L’aubergiste où nous logions me dit : « vous devriez rencontrer le peintre Marcel Boch qui habite une petite maison sur la colline ». Immédiatement, je pris le chemin qui y menait. Là, un homme de cinquante à soixante ans me reçut très aimablement, heureux d’interrompre ce qui devrait être une certaine solitude.

Il connaissait Maurice Albe, mon professeur d’alors, ce qui permettait d’ouvrir la discussion dans la bonne direction.

Nous avons parlé très rapidement des églises romanes, de l’architecture des maisons paysannes. Quel plaisir de pouvoir évoquer les toits triangulaires, le haut des bâtisses, qui avec leurs deux orifices ressemblait à un oiseau de nuit. Il était excité par cette idée ; il la commentait longuement.

Sa peinture post cubiste, j’y voyais une influence d'Albert Gleizes. Il me parla de son activité comme peintre des décors du Grand Théâtre de Bordeaux .Puis vint un moment important : dans le Lot, près d’ici, vit le peintre Roger Bissière, un ami, qui a quitté Paris en 1939. Il me conseilla d’aller le voir.
Les mois ont passé.

En mai 1950, avec le peintre Pierre Gauthier, nous visitâmes la galerie de René Drouin place Vendôme à Paris (à l’époque nous étions élèves du sculpteur Jacques Swobada à l’Académie Julian rue de Berri dans le 8ème).

Dans la galerie, à côté des œuvres de Jean Dubuffet, il y avait des tapisseries faites d’étoffes cousues de Roger Bissière. Nous étions enthousiasmés.

Il fut décidé, puisque nous nous retrouvions à Saint-Cyprien en août, c’est-à-dire à quelques kilomètres de Boissiérette, de prendre les vélos et de s’y rendre. Inutile de prévenir, on verra bien.

Quelle surprise en arrivant, le portail, la maison très longue avec une chapelle sur le côté droit.

Je me souviens que les guêpes du Causse s’acharnèrent sur mon visage durant tout le voyage.

Nous frappons ou tirons une vague sonnette.

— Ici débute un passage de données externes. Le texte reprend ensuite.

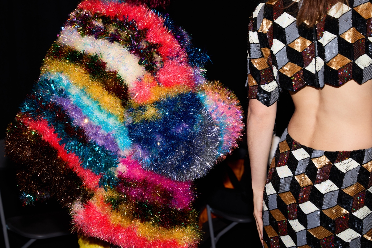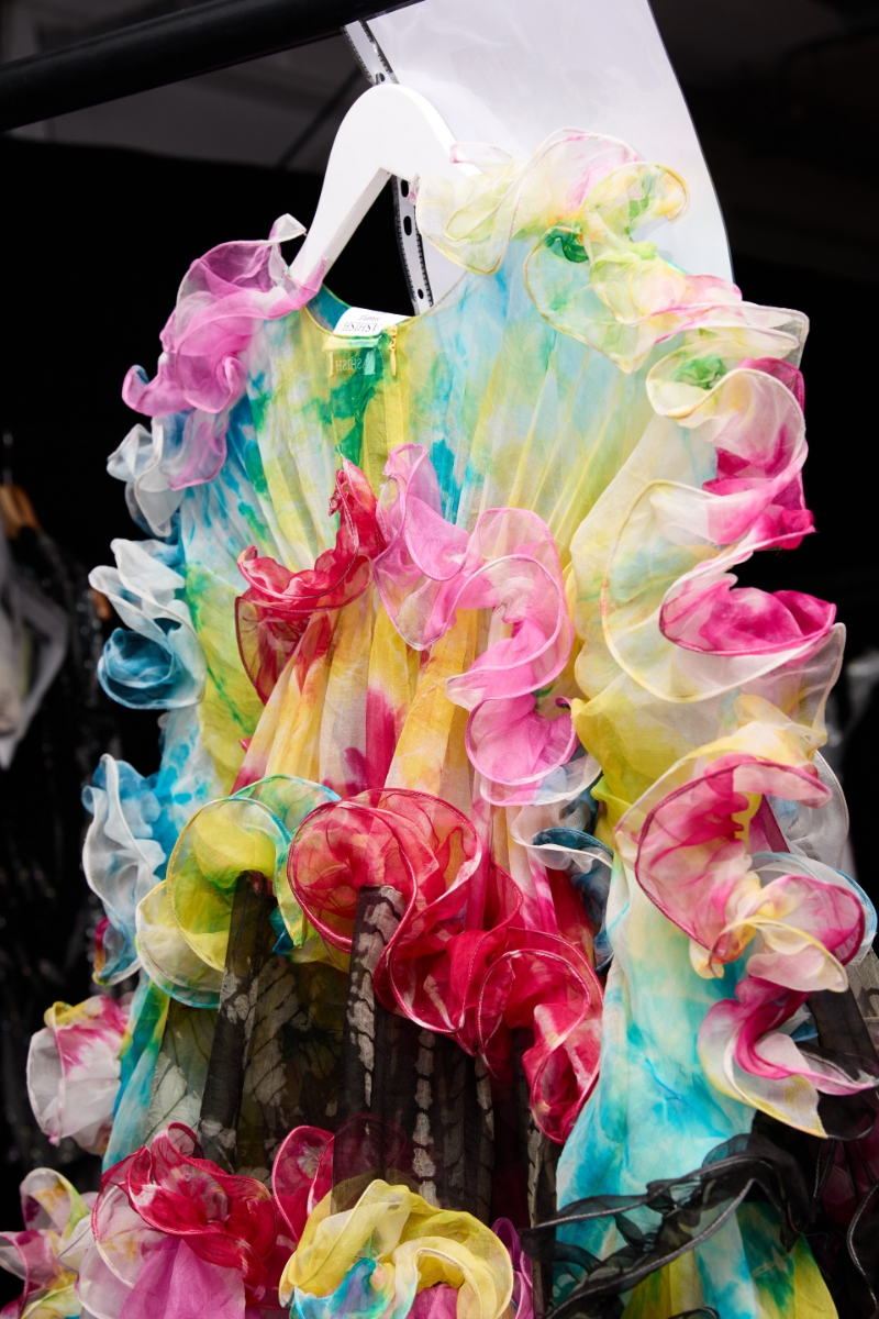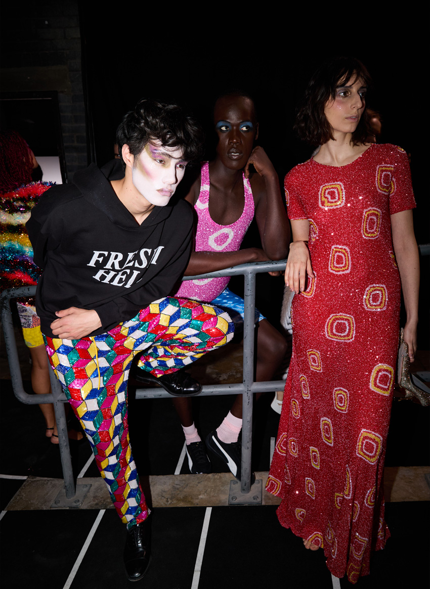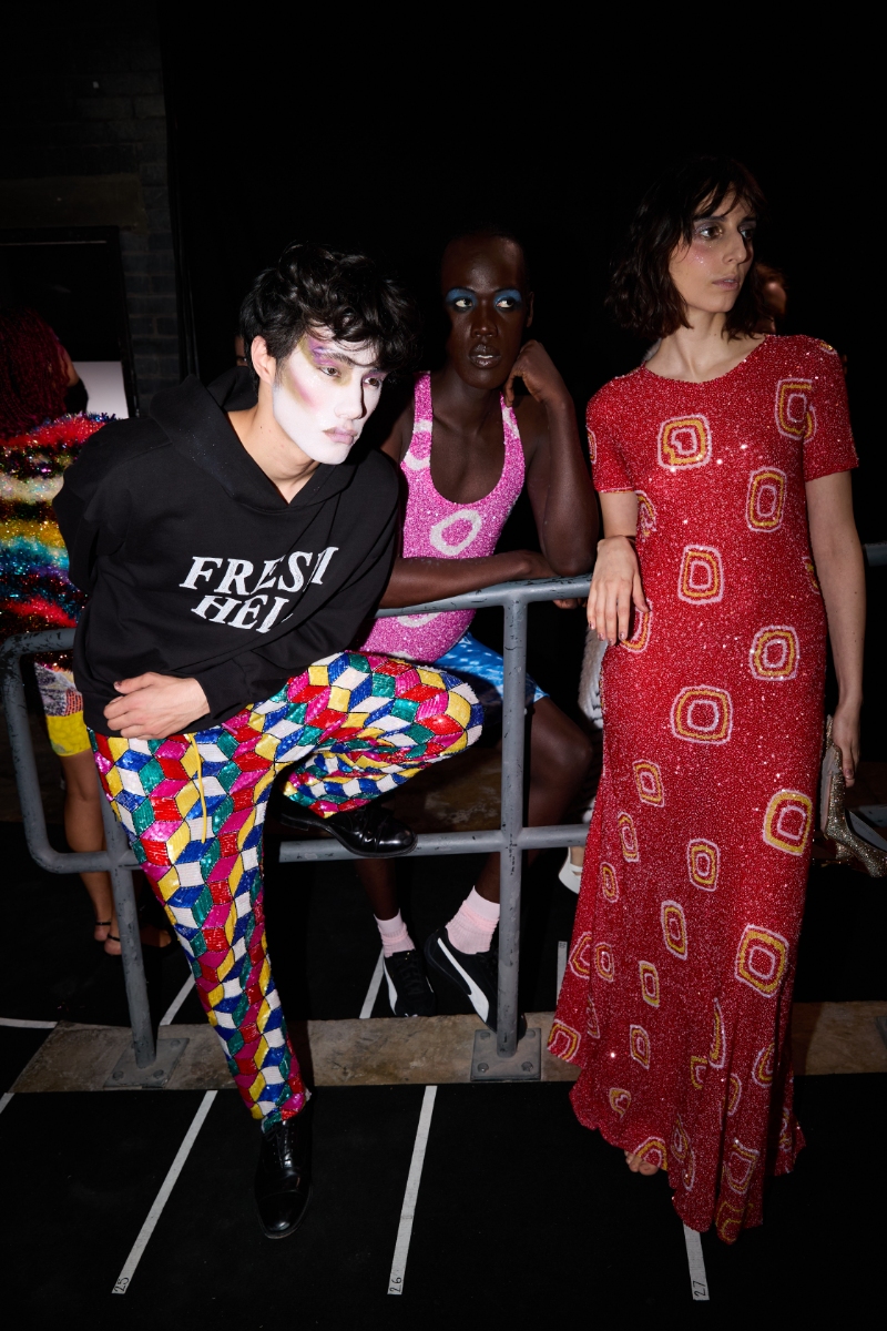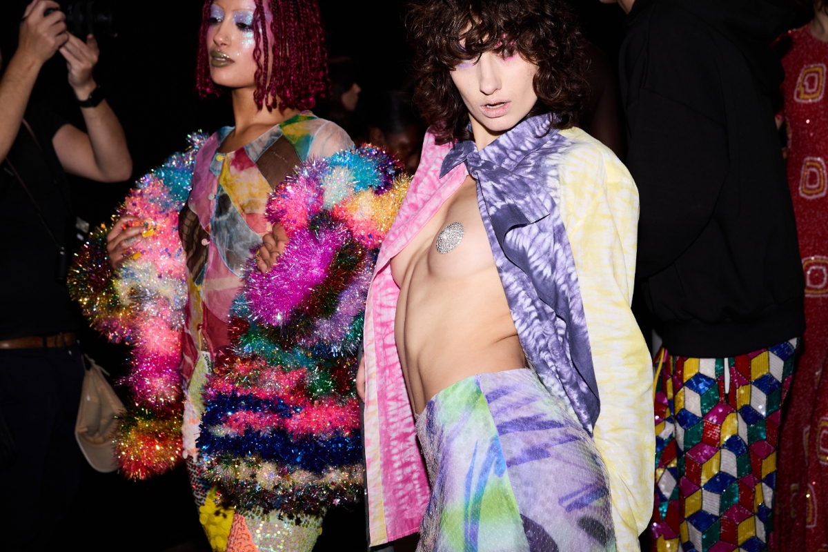 A nova coleção da Ashish para a primavera/verão 2026 surge num misto de cor e texturas. Isabelle Hardy captou os momentos que antecederam o desfile.
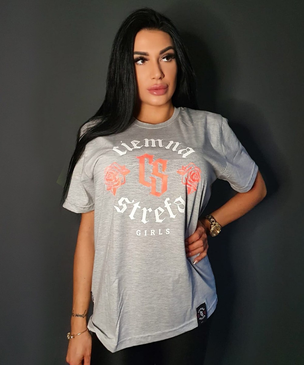 T-SHIRT DAMSKI MELANŻ CIEMNA STREFA ROSES - POMARAŃCZ

Arrive Bissière qui nous surprend par son habillement. Mais la partie n’était pas jouée. « Je ne vous connais pas ». Moi, je fis appel à la mémoire : « Marcel Boch de Bordeaux nous a conseillé de venir vous voir, puis nous avons été enthousiasmés par vos œuvres chez Drouin. ». « Alors, dans ces conditions entrée dans l’atelier ».